The frequency selectivity of the ear has been likened to a set of filters, and this concept is described in more detail in Fact File 2.1. It should be noted that there is an unusual effect whereby the perceived pitch of a note is related to the loudness of the sound, such that the pitch shifts slightly with increasing sound level. This is sometimes noticed as loud sounds decay, or when removing headphones, for example. The effect of ‘beats’ may also be noticed when two pure tones of very similar frequency are sounded together, resulting in a pattern of addition and cancellation as they come in and out of phase with each other.

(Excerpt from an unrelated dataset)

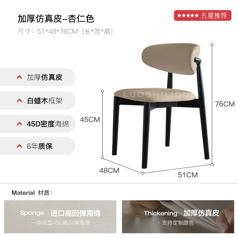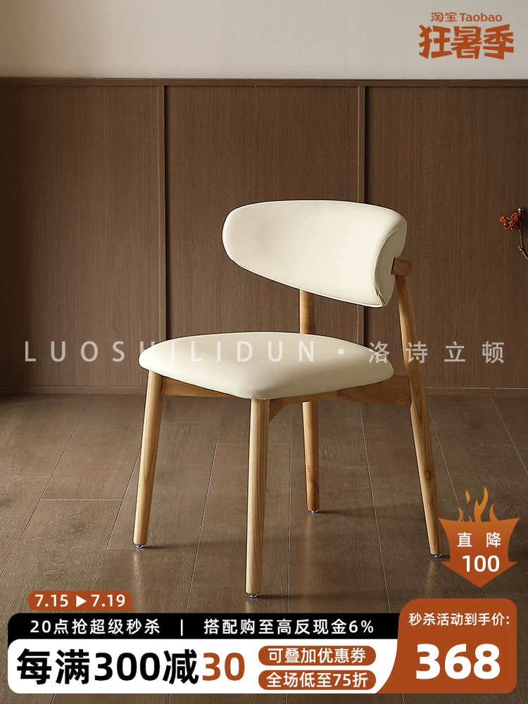 | nameOriginal | Nordic solid wood dining chair home light luxury modern designer dining table chair French medieval log desk back stool |

The so-called ‘beat frequency’ is the difference frequency between the two signals, such that signals at 200 Hz and 201 Hz would result in a cyclic modulation of the overall level, or beat, at 1 Hz. Combined signals slightly further apart in frequency result in a ‘roughness’ which disappears once the frequencies of the two signals are further than a critical band apart.

Fact file 2.1   Critical bandwidth

The basilar membrane appears to act as a rough mechanical spectrum analyser, providing a spectral analysis of the incoming sound to an accuracy of between one-fifth and one-third of an octave in the middle frequency range (depending on which research data is accepted). It acts rather like a bank of overlapping filters of a fixed bandwidth. This analysis accuracy is known as the critical bandwidth, that is the range of frequencies passed by each notional filter.

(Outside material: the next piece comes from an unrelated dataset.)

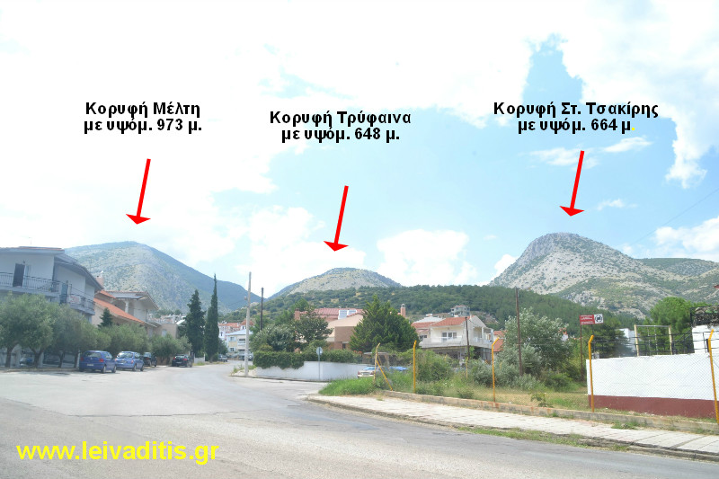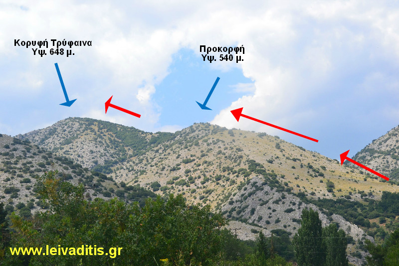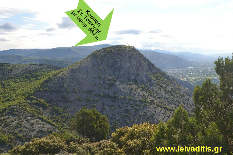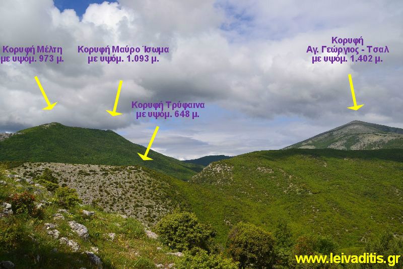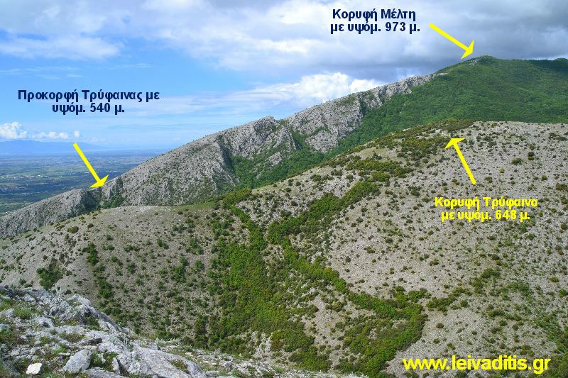 Κορυφές "Τρύφαινα" με υψόμ. 648 μ. και "Στ. Τσακίρης" με υψόμ. 664 μ.

The critical band concept is important in understanding hearing because it helps to explain why some signals are ‘masked’ in the presence of others (see Fact File 2.3). Fletcher, working in the 1940s, suggested that only signals lying within the same critical band as the wanted signal would be capable of masking it, although other work on masking patterns seems to suggest that a signal may have a masking effect on frequencies well above its own.

With complex signals, such as noise or speech for example, the total loudness of the signal depends to some extent on the number of critical bands covered by a signal. It can be demonstrated by a simple experiment that the loudness of a constant power signal does not begin to increase until its bandwidth extends over more than the relevant critical bandwidth, which appears to support the previous claim. (A useful demonstration of this phenomenon is to be found on the Compact Disc entitled Auditory Demonstrations described at the end of this chapter.)

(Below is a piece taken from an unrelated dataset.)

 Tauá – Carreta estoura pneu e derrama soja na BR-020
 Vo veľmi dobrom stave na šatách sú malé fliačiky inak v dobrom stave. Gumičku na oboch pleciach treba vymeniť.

Although the critical band concept helps to explain the first level of frequency analysis in the hearing mechanism, it does not account for the fine frequency selectivity of the ear which is much more precise than one-third of an octave. One can detect changes in pitch of only a few hertz, and in order to understand this it is necessary to look at the ways in which the brain ‘sharpens’ the aural tuning curves. For this the reader is referred to Moore (2003), as detailed at the end of this chapter.

Loudness perception

The subjective quantity of ‘loudness’ is not directly related to the SPL of a sound signal (see ‘Sound power and sound pressure’, Chapter 1). The ear is not uniformly sensitive at all frequencies, and a set of curves has been devised which represents the so-called equal-loudness contours of hearing (see Fact File 2.2). This is partially due to the resonances of the outer ear which have a peak in the middle-frequency region, thus increasing the effective SPL at the ear drum over this range.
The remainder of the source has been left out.